Domain similarity Within the field of NLP, researchers have explored various methods for measuring domain similarity in the context of domain adaptation including using target vocabulary covered rate and language model perplexity(Dai et al., 2019). However, these methods work well under the assumption that there are sufficient data from the source and target distribution. Therefore, in our work we adopt non-parametric statistical hypothesis testing framework to detect shift without knowing the actual parameters of the population.


Shift detection in NLP Within NLP, Arora et al. (2021) focused on out-of-distribution texts and two approaches for detection. Shifts are categorized into background shift and semantic shift. Model calibration and density estimation are investigated for shift detection across 14 pairs of natural language understanding datasets. Comparing density estimation methods and calibration methods. We investigate different types of shifts than these works.

Given the importance of shift detection, a number of datasets have been developed (Koh et al., 2021; Malinin et al., 2022), however, they are not for the widely used task of NER.

Our work adds to this existing literature. First, we employ widely used labelled NER datasets and compare not only changes in fields (e.g. science to finance) but also changes in text style (e.g. news style text to social media style text). Second, we test the impact of representation choice on shift detection. Lastly, we provide new evidence for the performance impact of distribution shifts on task performance.

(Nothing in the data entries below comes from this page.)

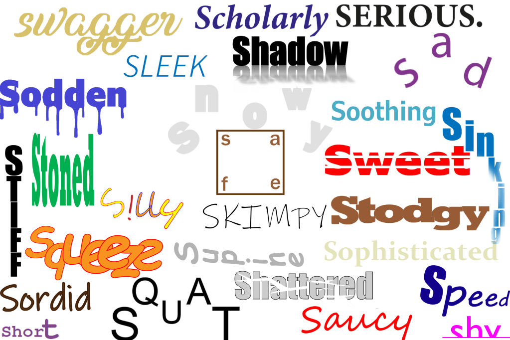 Sad Safe Sardonic Saucy Scholarly Serious Shadow Shattered Shy Short Silly Sinking Skimpy Sleek Smart Snowy Sodden Soothing Sordid Sophisticated Speed Squat Squeeze Stiff Stodgy Stoned Style Supine Swagger Sweet
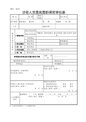 A0415涉密人员离岗离职保密审批表.doc
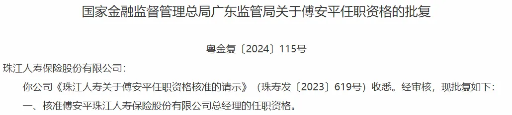5月15日,国家金融监督管理总局广东监管局批复,核准傅安平珠江人寿保险股份有限公司总经理的任职资格。
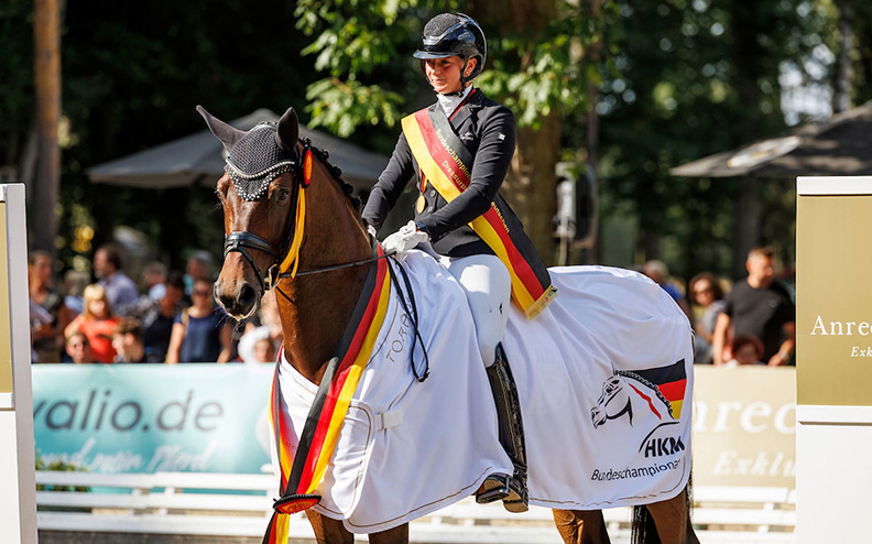 Nowym mistrzem Niemiec siedmiolatków został syn Dimaggio, oldenburski Dos Amigos. Dosiadany przez swoją właścicielkę, Leonie Richter, już w zeszłym roku wygrał mistrzostwo landu. 26-letnia berajterka ze stajni Andreasa Helgstranda pracuje z tym koniem od trzech lat, ale startowała bardzo oszczędnie. Sędziowie wysoko ocenili elastyczność i zdolność do przyjmowania obciążeń i zebrania, ale życzyli sobie więcej wydłużenia ramy w chodach pośrednich. Drugie miejsce zajął Famous K FRH pod Stefanie Wittmann. Potomek hanowerskiego Finest był chwalony za naturalny sposób prezentacji. Mile widziana byłaby większa siła pchająca. Najsłabszym punktem był galop. Trzecie i czwarte miejsce zajęły konie prezentowane przez Hiszpana Borję Carrascosa: Fun4Ever po Feedback i Frizzantino 28 po Finest. Oba zostały podobnie ocenione na powyżej 78%.

Table 1 List of annotated datasets for English NER from different domains

3 Methodology

Our methodology consists of the following steps: data collection; representation choice; statistical hypothesis testing and shift impact measurement. For data collection, we acquire datasets from different domains. Domains are characterized by their language usage arising from the style employed to the use of language particular to given field usage. For all datasets, both the space of input text and the space of labels are considered. In terms of representations, two types of representations are used for the input and one for labels. Statistical hypothesis testing appropriate for each representation is used to detect distribution shifts. The calculated statistics are then used to measure the extent of a shift. Lastly, the impact of each shift on model performance is determined. We now walk through each of these steps in detail.

3.1 Data collection

We collected 12 datasets from different domains covering news, social media, encyclopedic content, finance, science, emails, and business. Table 1 shows the list of datasets with the published year, document source, domains and the number of entity types. Table 2 shows the list of datasets and their entity types. We group the datasets into five categories, which we now describe in-turn.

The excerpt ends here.